# Exercise objective
What is needed is an exact reproduction of the lines in the records below, starting at the line with "UV4 - Urban villa 4-laags met zadeldak" and ending at the line with "Elefante emea eta bere kumea", both included, and nothing else; pictures stay out.

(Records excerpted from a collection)
------------------------------------

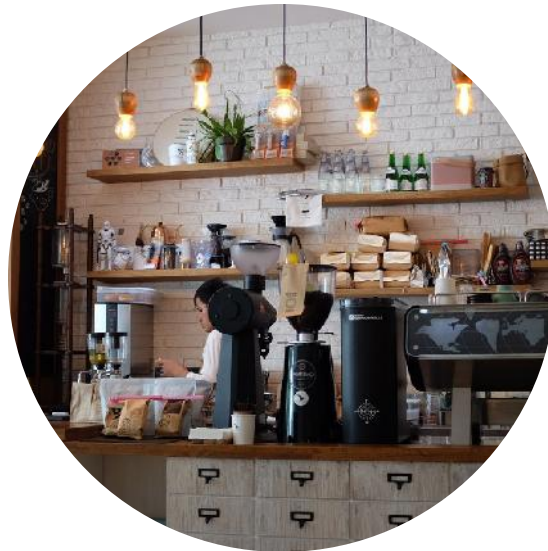
PYMES Y AUTÓNOMOS
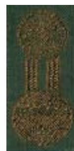
Överfurir - Furir M7671-164000
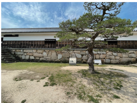
二の丸 平櫓・多聞櫓・太鼓櫓説明板 北から (遠景)
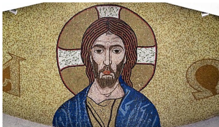
Das Mosaik mit der Christus-Ikone über dem Chor ist dem byzantinischen Stil aus Ravenna nachempfunden KRISTIN WEBER
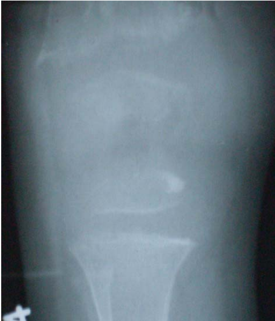
Figura 3. Radiografía que muestra el ensanchamiento de la línea epifisaria de fémur y tibia, aunque la radiografía muestra la rodilla derecha es bilateral.
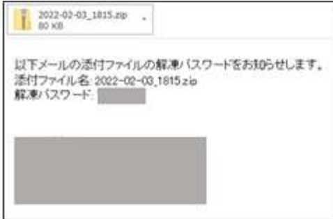
本文が日本語で書かれ、パスワード付きZIPファイルが添付された攻撃メール

塗り潰した箇所には実際の兄弟姉妹方のお名前やメールアドレス、電話番号が表示されます。
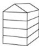
UV4 - Urban villa 4-laags met zadeldak
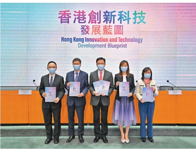
▲創科局推出《香港創新科技發展藍圖》，為特區創科政策做好布局。

不過，在搶企業特別是龍頭企業上還有不少困難。孫東說，第一是土地資源的問題；第二，還需要考慮具體的企業支援政策。「我5月份去德國時，正好德國在補貼300億給一些新建的產業；美國也有過千億
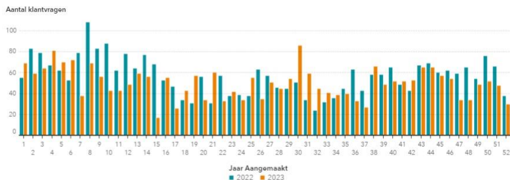
Figuur 3 Klantvragen

Als gevolg van de veranderde werkwijze in 2016 is het aantal vragen hoger geweest dan in de jaren daarvoor. Het betrof vooral vragen over het proces (nieuwe werkwijze) en de doorlooptijd. Vanaf 2017 is het aantal klantvragen weer flink gaan dalen. Vanaf 2019 is het aantal klantvragen stabiel. In 2023 is het totaal aantal klantvragen ten opzichte van 2022 licht gedaald. In onderstaande grafiek wordt het aantal klantvragen per maand weergegeven voor 2023 ten opzichte van 2022.
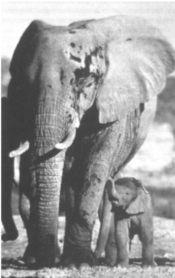
Elefante emea eta bere kumea

duen ahalmenari esker. Bere baldintza egokiak batetik eta segurtasunak bestetik, bere garuna asko garatzeko baliabidea eman diote. "Elefante-oroimena" esaerak argi uzten digu informazioa metatzeko duen ahalmena. Badirudi, bere psikismoa orekatua denez, egoera ezberdinetarako hainbat eta hainbat erantzun emateko ahalmena duela.
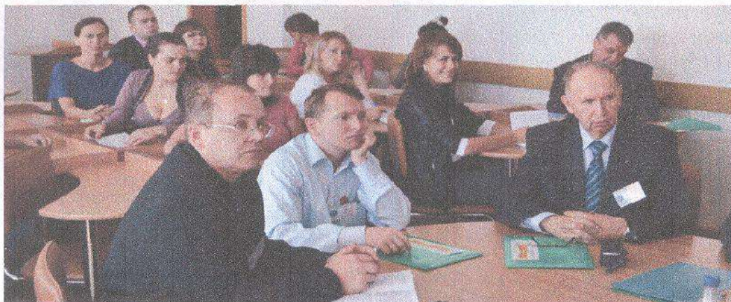
Учасники IX-го аграрного симпозіуму, 20 вересня 2012 р.
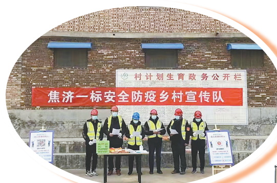
↑河南省公路局集团沿太行高速一标项目经理部安全防疫宣传队员在宣传疫情知识

(即:消毒管理规定、测温管理规定、餐饮管理规定、会议管理规定、个人防护规定)做好项目经理部的疫情防控工作。 中交路建沿黄高速武陟至济源段2标项目部认真落实属地责任,按照疫情防控要求,积极部署疫情防控工作,认真开展全员摸排和疫苗接种工作,安排专人提前储备防疫物资,认真落实人员管控措施。目前,项目经理部53人全部接种新冠肺炎疫苗,累计进行核酸检测7次。 中建八局沿黄高速武陟至济源段3标项目部近日开展疫情防控应急演练活动,演练分防疫巡视组、车辆引导组、卫生消杀组、人员隔离组、物资保障组、医疗救护组6个小组,项目部40多人参加此次活动。通过演练,该项目部全面落实“及时发现、迅速处置、精准管控、有效救治”的防控措施,达到了预期目的和效果。
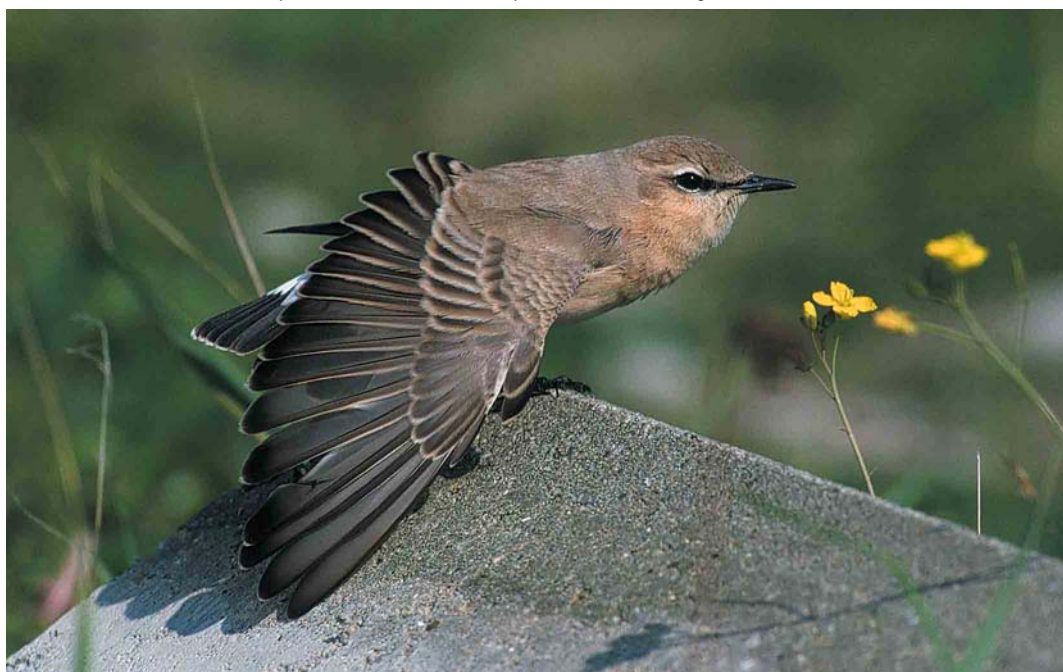
70 Izabeltapuit / Isabelline Wheatear Oenanthe isabellina , eerstejaars, IJmuiden, Noord-Holland, 23 september 2000 cf Dutch Birding 22: 311, 2000
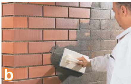
b Glaistyti siūlių glaistu RSS galite, praėjus 7 paroms po plytelių klijavimo. Dumblo konsistencijos quick-mix siūlių glaistą RSS įstrižai siūlėms užtepkite tvirta gumine juosta arba guminiu brauktuvu. Glaistą kaip reikiant įspauskite į siūles tarp plytelių. Glaisto perteklių pašalinkite mentele su gumine juoste. Glaistui truputį išdžiūvus, plytelių paviršius kelis kartus nuplaukite šlapią kempine (quick-mix RSS naudokite tik glazūruotoms neįgeriančioms plytelėms su glotniu paviršiumi).
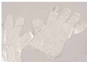
Art.-Nr. 4515 Handschuhe, PE, ungedudert, Gr. XL, 50 Stück (Kartoninhalt 200x50 Stück)*

------------------------------------

# Reply
UV4 - Urban villa 4-laags met zadeldak
▲創科局推出《香港創新科技發展藍圖》，為特區創科政策做好布局。

不過，在搶企業特別是龍頭企業上還有不少困難。孫東說，第一是土地資源的問題；第二，還需要考慮具體的企業支援政策。「我5月份去德國時，正好德國在補貼300億給一些新建的產業；美國也有過千億
Figuur 3 Klantvragen

Als gevolg van de veranderde werkwijze in 2016 is het aantal vragen hoger geweest dan in de jaren daarvoor. Het betrof vooral vragen over het proces (nieuwe werkwijze) en de doorlooptijd. Vanaf 2017 is het aantal klantvragen weer flink gaan dalen. Vanaf 2019 is het aantal klantvragen stabiel. In 2023 is het totaal aantal klantvragen ten opzichte van 2022 licht gedaald. In onderstaande grafiek wordt het aantal klantvragen per maand weergegeven voor 2023 ten opzichte van 2022.
Elefante emea eta bere kumea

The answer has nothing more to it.